Memahami Ahlussunah Wal Jama’ah (ASWAJA): Pengertian dan Sejarahnya

Memahami Ahlussunah Wal Jama’ah (ASWAJA): Pengertian dan Sejarahnya

Oleh KH Abdurrahman Navis, Lc. MHI

Di era modern ini ternyata masih ada orang yang belum memahami apa dan bagaimana ahlus sunnah wal jama’ah (ASWAJA). Mengapa memahami Aswaja penting?

Tak lain adalah agar kita memiliki pilihan dan panduan ajaran yang tepat dalam menjalankan ritual ibadah kita.

Secara mendetail, pembahasan mengenai Ahlus Sunnah Wal Jama’ah (ASWAJA) memang sangat panjang. Namun secara singkat, berikut ini adalah penjelasan tentang pengertian dan sejarah Ahlus Sunnah Wal Jama’ah.

I. Pengertian Ahlus Sunnah Wal Jama’ah (ASWAJA)

Secara definisi, Ahlussunnah wa Al jamaah terbagi dua, yaitu: definisi secara umum dan definisi secara khusus.

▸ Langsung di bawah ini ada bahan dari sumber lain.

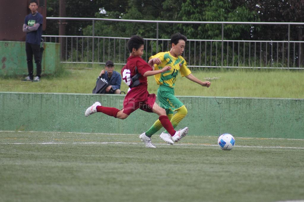 緑ヶ丘、左サイド14番がサイドを抜け出しシュートに持ち込むが、熊野東3番決死のカバーでシュートをブロック。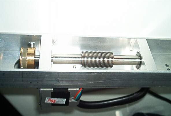 . Mechanizm napędowy zbudowany jest z wykorzystaniem aluminiowego kątownika 45/25/2.5mm Oś napędowa wykonana jest z jednego kawałka metalu i w swojej środkowej jest nagwintowana gwintem odpowiadającym temu jaki jest na śrubie zwiniętej na kole napędowym. Oś napędowa łożyskowana jest w dwóch miejscach za pomocą małych łożysk kulkowych (607RS) więc jej ruch jest płynny i bezluzowy. Z prawej strony widoczne jest większe koło zębate przekładni paskowej. Silnik mocowany jest z drugiej strony profilu a pasek przekładni przechodzi przez profil dzięki otworowi w jego powierzchni środkowej |

  1. Definisi Aswaja secara umum adalah satu kelompok atau golongan yang senantiasa komitmen mengikuti sunnah Nabi SAW dan thoriqoh para shabatnya dalam hal aqidah amaliyah fisik (fiqih) dan hakikat (tasawwuf dan akhlaq ).
  2. Sedangkan definisi Aswaja secara khusus adalah golongan yang mempunyai i’tikad / keyakinan yang searah dengan keyakinan jamaah Asya’iroh dan Maturidiyah.

Jadi definisi Ahlussunnah waljamaah yaitu; “ Orang-orang yang mengikuti sunnah Nabi Muhammad SAW dan mayoritas sahabat (maa ana alaihi wa ashhabi), baik di dalam syariat (hukum Islam) maupun akidah dan tasawuf”.

II. Sejarah Aswaja

Istilah ahlussunnah waljamaah tidak dikenal di zaman Nabi Muhammad SAW maupun di masa pemerintahan al-khulafa’ al-rasyidin, bahkan tidak dikenal di zaman pemerintahan Bani Umayah (41 – 133 H. / 611 – 750 M.).

Istilah ini untuk pertama kalinya di pakai pada masa pemerintahan khalifah Abu Ja’far al-Manshur (137-159H./754-775M) dan khalifah Harun Al-Rasyid (170-194H/785-809M), keduanya dari dinasti Abbasiyah (750-1258).

Istilah ahlussunnah waljamaah semakin tampak ke permukaan pada zaman pemerintahan khalifah al-Ma’mun (198-218H/813-833M).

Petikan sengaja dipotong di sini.